## ASSIGNMENT
Strip the pictures and reproduce the rest of the listing exactly.

----- DATA EXTRACTS

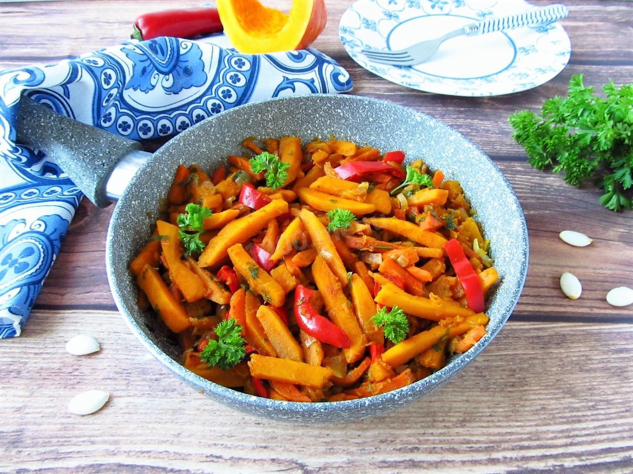 Яркое овощное блюдо для тех, кто любит тыкву. Мякоть тыквы очень нежная, поэтому при приготовлении важно следить за временем, не передержать овощи на сковороде. Тогда кусочки сохранят форму и вкус блюда будет естественным. Тыква с овощами подойдет для вегетарианского или постного меню.
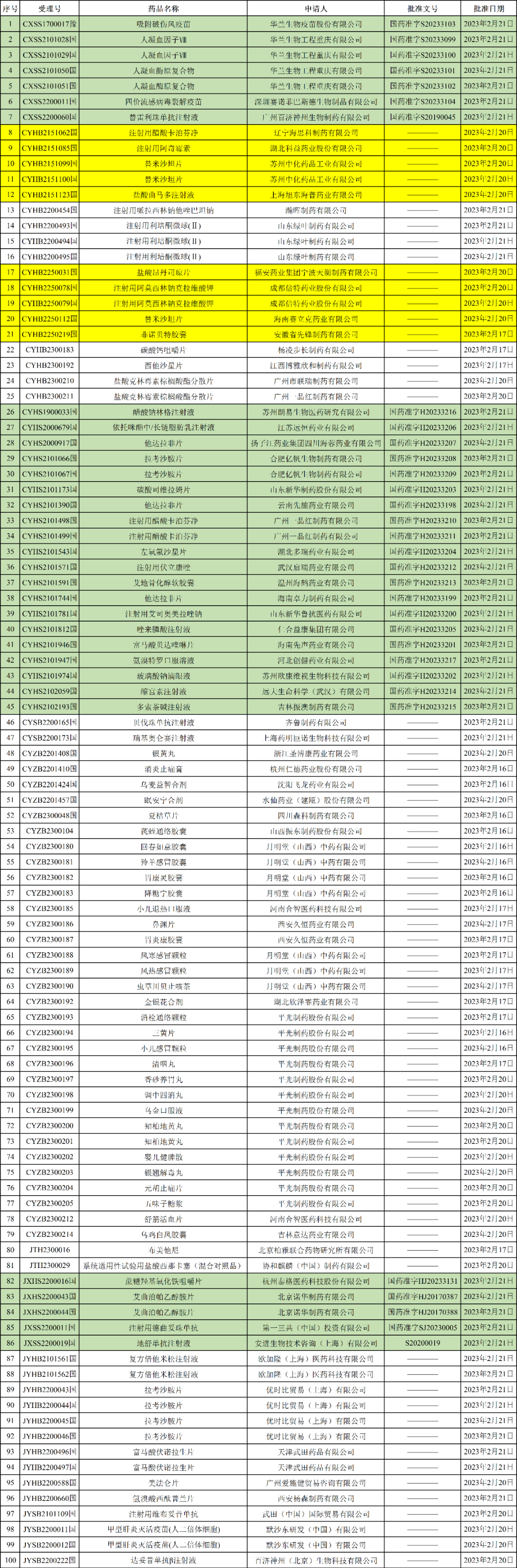 2023年02月24日,NMPA发布最新药品批准证明文件送达信息,本批次共有100个受理号获批,其中10个为一致性评价受理号,包括:
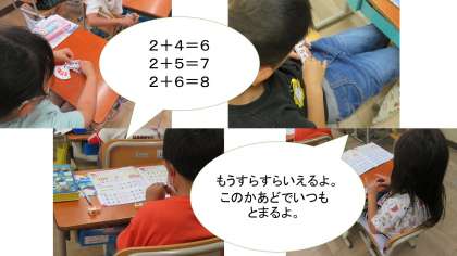 はじめはなかなかすらすらというわけにいかず,「同じカードでとまる。」と言いながらも何回も練習を重ねています。「やればやるほどできるようになるから,あきらめずに頑張ろう。」と声をかけるとみんな熱心にカードをめくっています。
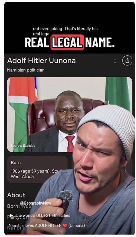 Yes, his real name is Adolf Hitler and he is a very popular politician in Namibia:
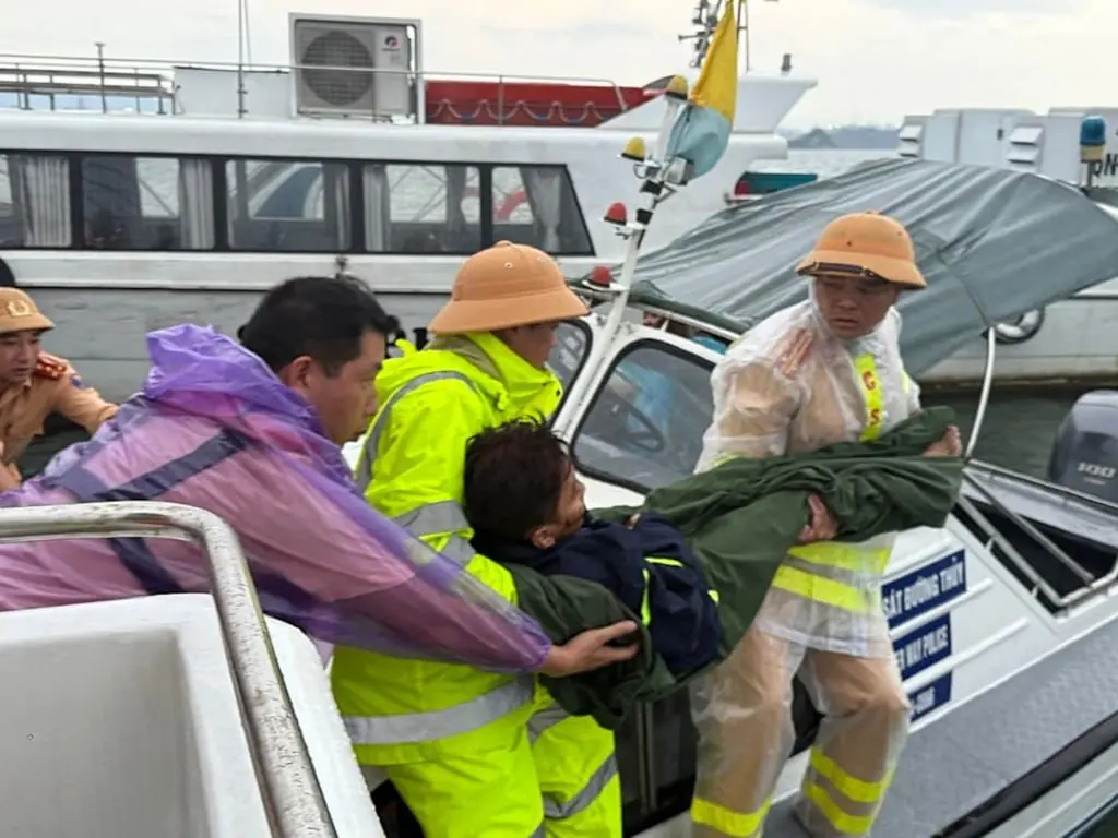 The vessel, which had been on a sightseeing tour of Ha Long Bay, Vietnam, overturned after being rocked by heavy rain and wind, VNExpress reported.
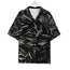 Black Palm Leaf Aloha Pattern Print Men's Short Sleeve Shirt
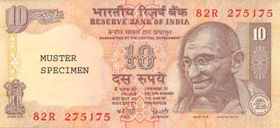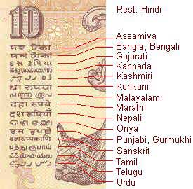 Die indischen Banknoten tragen dem Vielsprachen- und Vielschriftenstaat Indien Rechnung. Als Beispiel diene eine einfache 10-Rupien-Banknote, mitgebracht im Jahre 2005.
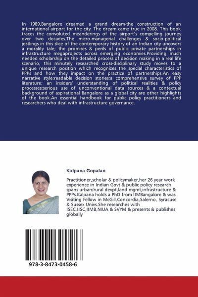 In 1989,Bangalore dreamed a grand dream-the construction of an international airport for the city. The dream came true in 2008. This book traces the convoluted meanderings of the airport's compelling journey over two decades.The micro-managerial challenges & socio-political jostlings in this slice of the contemporary history of an Indian city uncovers a morality tale; the promises & perils of public private partnerships in infrastructure megaprojects across emerging economies.Providing much needed scholarship on the detailed process of decision making in a real life scenario, this minutely researched cross-disciplinary study moves to a unique research position which recognizes the special characteristics of PPPs and how they impact on the practice of partnerships.An easy narrative style;readable decision stories;a comprehensive survey of PPP literature; an insiders' understanding of political realities & policy processes;serious use of unconventional data sources & a contextual background of aspirational Bangalore as a global city are other highlights of the book.An essential handbook for public policy practitioners and researchers who deal with infrastructure governance.
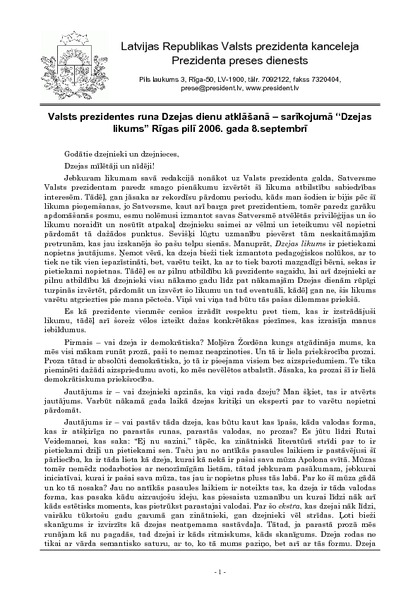 Valsts prezidentes runa Dzejas dienu atklāšanā – sarīkojumā “Dzejas likums” Rīgas pilī 2006. gada 8.septembrī
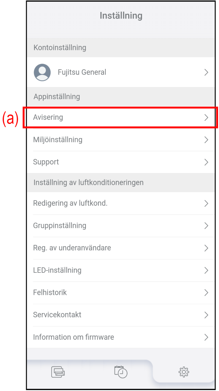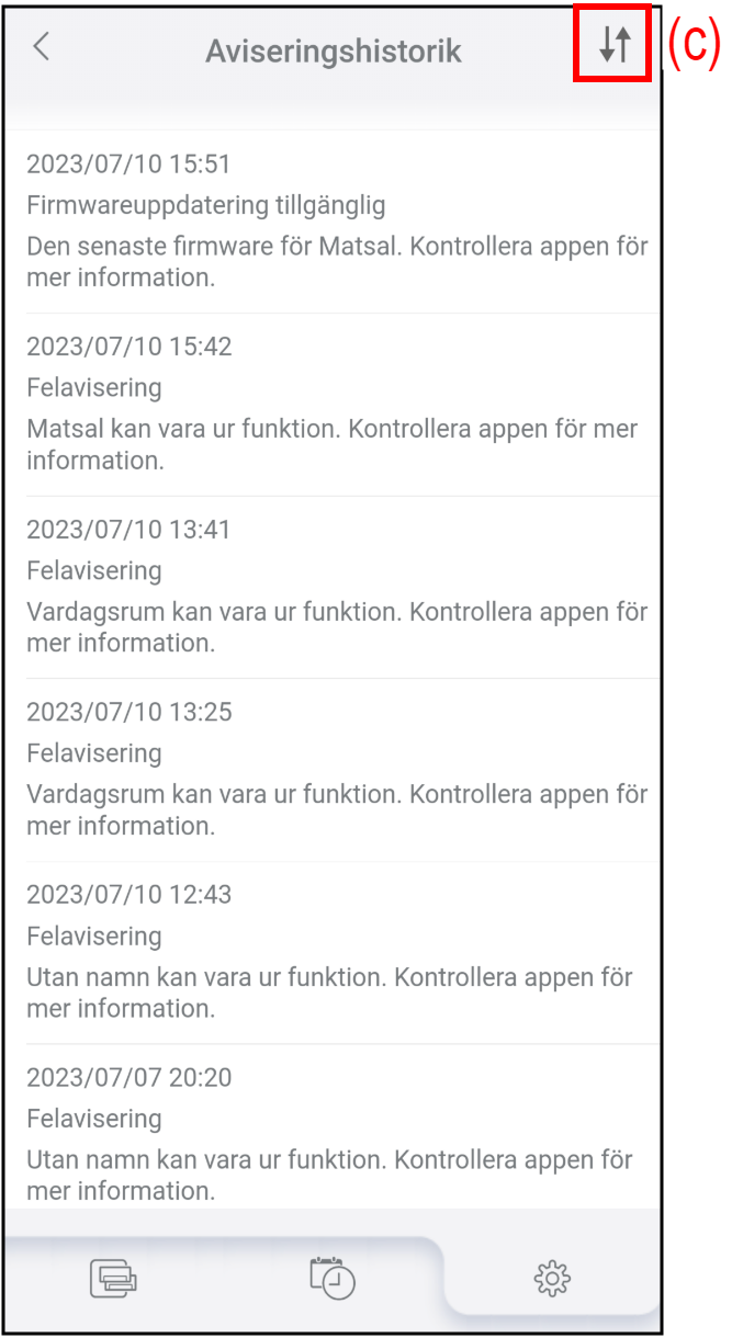 Tryck (a) på skärmen ”Inställning” för att kontrollera tidigare meddelanden.

----------

## TASK SOLUTION
 Яркое овощное блюдо для тех, кто любит тыкву. Мякоть тыквы очень нежная, поэтому при приготовлении важно следить за временем, не передержать овощи на сковороде. Тогда кусочки сохранят форму и вкус блюда будет естественным. Тыква с овощами подойдет для вегетарианского или постного меню.
 2023年02月24日,NMPA发布最新药品批准证明文件送达信息,本批次共有100个受理号获批,其中10个为一致性评价受理号,包括:
 はじめはなかなかすらすらというわけにいかず,「同じカードでとまる。」と言いながらも何回も練習を重ねています。「やればやるほどできるようになるから,あきらめずに頑張ろう。」と声をかけるとみんな熱心にカードをめくっています。
 Yes, his real name is Adolf Hitler and he is a very popular politician in Namibia:
 The vessel, which had been on a sightseeing tour of Ha Long Bay, Vietnam, overturned after being rocked by heavy rain and wind, VNExpress reported.
 Black Palm Leaf Aloha Pattern Print Men's Short Sleeve Shirt
 Die indischen Banknoten tragen dem Vielsprachen- und Vielschriftenstaat Indien Rechnung. Als Beispiel diene eine einfache 10-Rupien-Banknote, mitgebracht im Jahre 2005.
 In 1989,Bangalore dreamed a grand dream-the construction of an international airport for the city. The dream came true in 2008. This book traces the convoluted meanderings of the airport's compelling journey over two decades.The micro-managerial challenges & socio-political jostlings in this slice of the contemporary history of an Indian city uncovers a morality tale; the promises & perils of public private partnerships in infrastructure megaprojects across emerging economies.Providing much needed scholarship on the detailed process of decision making in a real life scenario, this minutely researched cross-disciplinary study moves to a unique research position which recognizes the special characteristics of PPPs and how they impact on the practice of partnerships.An easy narrative style;readable decision stories;a comprehensive survey of PPP literature; an insiders' understanding of political realities & policy processes;serious use of unconventional data sources & a contextual background of aspirational Bangalore as a global city are other highlights of the book.An essential handbook for public policy practitioners and researchers who deal with infrastructure governance.
 Valsts prezidentes runa Dzejas dienu atklāšanā – sarīkojumā “Dzejas likums” Rīgas pilī 2006. gada 8.septembrī
 Tryck (a) på skärmen ”Inställning” för att kontrollera tidigare meddelanden.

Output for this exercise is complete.